Pastoral lejong merupakan sebuah media pastoral yang sering dilakukan oleh orang Manggarai. Lejong menjadi sebuah cetusan atau sebuah wadah perjumpaan. Perjumpaan mencerminkan sebuah terima akan perbedaan baik itu pendapat, warna kulit, status, golongan dan lainnya. Konflik bernuansa suku, agama, ras, dan antargolongan (SARA) merupakan salah satu tipe konflik yang tidak mudah untuk diuraikan, terlebih lagi konflik agama. 

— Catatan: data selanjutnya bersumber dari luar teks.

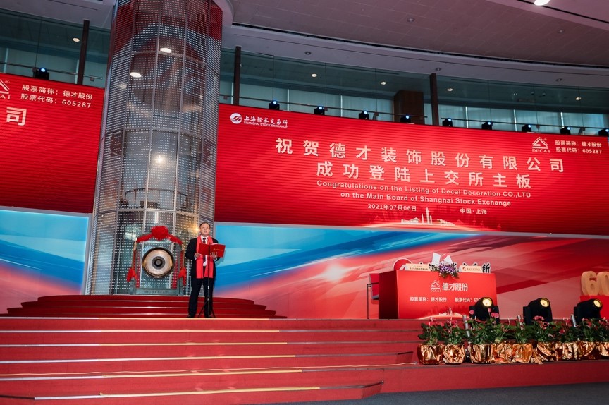 2021年7月6日,德才装饰股份有限公司(股票简称:德才股份,股票代码:605287)在上海证券交易所隆重举行首次公开发行A股上市仪式,成功登陆资本市场,成为山东省第一家在国内A股上市的建筑业企业。这是德才股份发展史上的重要里程碑,也是全体德才人的光荣和梦想。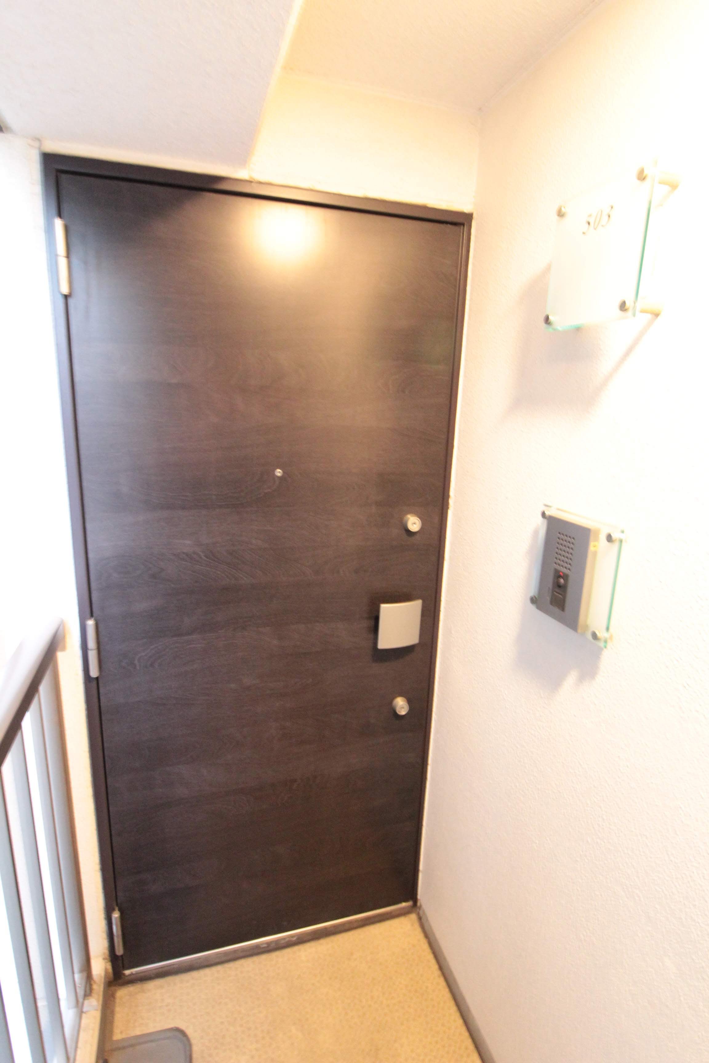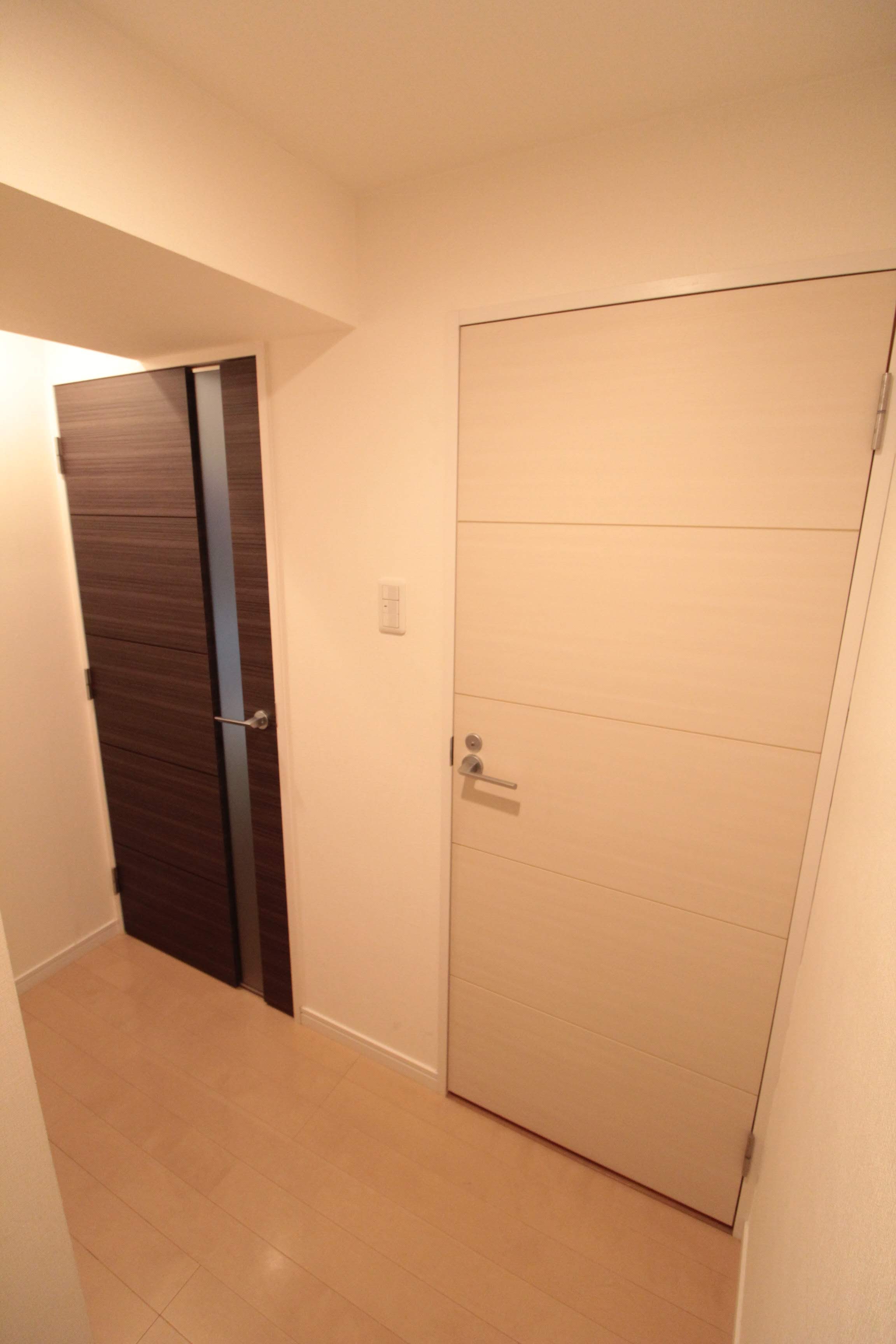 右がトイレで、左のダークブラウンのトビラがリビングダイニングへ続きます。

Baca: Keluarga Sebagai Rumah Bersama


Namun, bukan berarti konflik tersebut tidak bisa dikelola dengan baik. Penulis memberi penilaian agama secara seimbang. Menurutnya, agama dapat menjadi sumber konflik, di saat yang sama juga memiliki potensi kreatif yang dapat berfungsi sebagai jaminan yang kuat untuk menciptakan toleransi, pluralisme, demokratis, dan menjadi sebuah resolusi konflik tanpa kekerasan. Hal ini dapat terwujud, apabila adanya kesediaan dari pemeluk agama untuk menghayati dan mengamalkan ajaran agamanya secara mendalam, dewasa, toleran, dan pluralis. Budaya Lejong dari masyarakat Manggarai di Flores, Nusa Tenggara Timur (NTT), memiliki kekayaan tradisi yang penuh dengan nilai-nilai toleransi, kebersamaan, dan keharmonisan. Tradisi ini mencerminkan semangat hidup bersama yang selaras dengan keragaman etnis, agama, dan budaya. Namun, tantangan modernitas, seperti konflik sosial berbasis agama atau budaya, dapat mengancam nilai-nilai toleransi ini, dalam gagasan compassion (welas asih) dan teologi hidup bersama, menekankan pentingnya memadukan nilai-nilai tradisi lokal dengan dialog lintas agama dan budaya untuk menciptakan harmoni. 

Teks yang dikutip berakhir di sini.